Australia carbon adviser opposes fuel break

Times of India , Thursday, July 03, 2008
Correspondent : Staff Reporter

CANBERRA: A draft blueprint of Australia's emissions trading scheme will include fuel, but is unlikely to recommend what the country's key emissions cap should be, experts close to the report's author said on Wednesday.

The blueprint's government-backed architect, respected academic economist Ross Garnaut, will release on Friday a plan for how emissions trading could operate, likely suggesting that government force companies to bid for emissions permits at auction, a perceived failing of the European Union scheme.

But in a country heavily reliant on long-distance road transport, the notion of inflating already record-high petrol prices could fuel a backlash against the government's pledge to cut emissions with a trading system by 2010.

"Petrol will almost certainly be in, agriculture will be in within a short period. Auctions will happen for as close to all emissions permits as possible," Andrew Macintosh, who heads the Centre for Climate Law and Policy at the same university as Garnaut, the Australian National University, said.

The cost of emissions caused by using petrol or diesel would likely be borne by refiners and passed to drivers. A former diplomat, Garnaut was an economic adviser to the former centre-left Hawke Labor government and drove radical reforms during the 1980s and 90s, liberalising trade and floating the Australian dollar currency.

But the emissions trade system, promised for 2010, will bring the greatest upheaval to the energy-reliant economy since then, with big miners in particular facing rising costs.

Expected petrol price rises of up to 10 cents a litre, or seven per cent on current prices, could also be election suicide for the government, as Australians typically cover long distances in large-engined cars, which account for 50 per cent of transport emissions.

Macintosh, who is close to Garnaut, said the first two years of the scheme would be used for trial, with a phase-in before higher fuel and electricity costs are passed to consumers already angry about rising inflation and interest rates.

But the draft was unlikely to include hard numbers, he said, because of problems with Treasury department modelling of the economic impact of emissions trading. Hugh Saddler, a member of Australia's Experts Group on Emissions Trading, said the Friday report was unlikely to include crucial interim emissions targets for 2020 and 2030.

An overall emissions cap, which will be cornerstone from which the market price of carbon will be determined, will also be missing, he said, leaving much work ahead for the government in deciding how much it can afford to curb emissions without destroying corporate profits or risking economic growth.

Garnaut would call for a more ambitious plan than Labor Prime Minister Kevin Rudd's target of a 60 per cent emissions reduction by 2050, and recommend protection for low-income households while rebuffing corporate demands for protection from the full impact.

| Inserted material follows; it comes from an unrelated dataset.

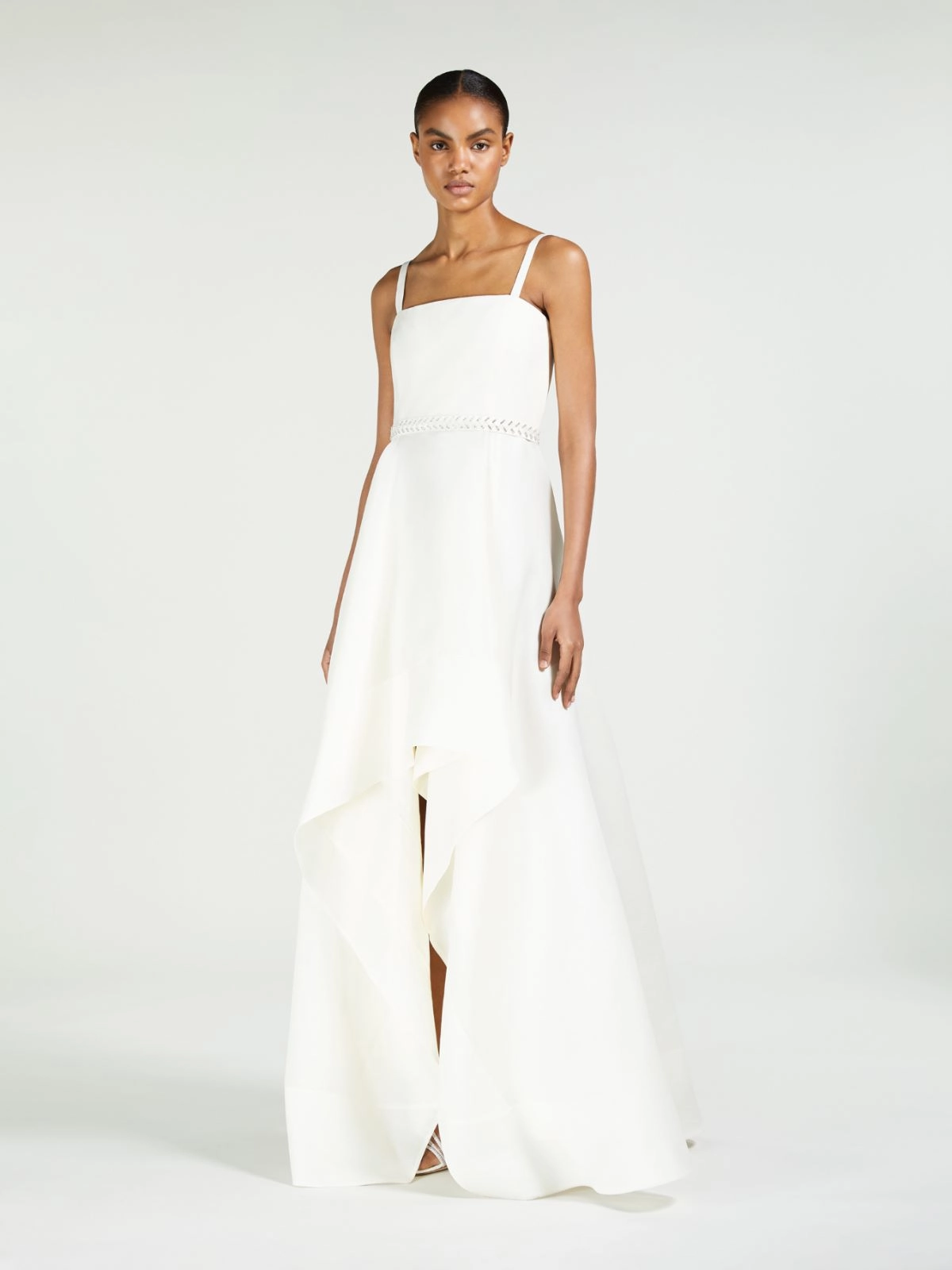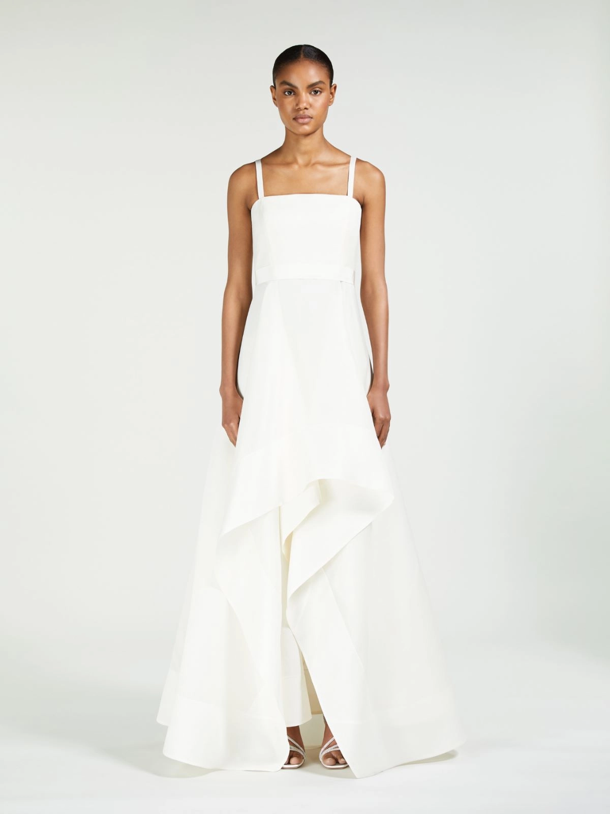 Abito lungo smanicato, caratterizzato da ampia gonna asimmetrica con motivo drappeggiato più corto sul davanti e leggera coda sul retro.

Emissions trading allow companies to accept limits on their greenhouse gas outflows and continue emissions under permits issued under a national carbon cap. Australian permit auctions could net the government A$20 billion ($19.2 billion).

"It will be the most comprehensive scheme of any one that exists in the world, and it's taking a fundamentally different approach from the Europeans," Saddler said.

"The proposal to auction the great majority of permits and the very broad coverage go way beyond any other schemes so far operating," he said.

Australia is responsible for about 1.2 per cent of global carbon emissions, but is one of the highest per capita polluters because of the nation's position as the world's biggest coal exporter and its heavy reliance on fossil fuels for energy.

But a voluntary emissions trading scheme in the most populous state NSW is already the world's second largest, behind the mandatory EU scheme, trading $225 million worth of carbon credits in 2006, Australian university researchers said on Wednesday.

Climate Change Minister Penny Wong will release an official emissions scheme options paper later in July, with laws to be sent to parliament by end-2008 and fine-tuning of the coming regime done in early 2009.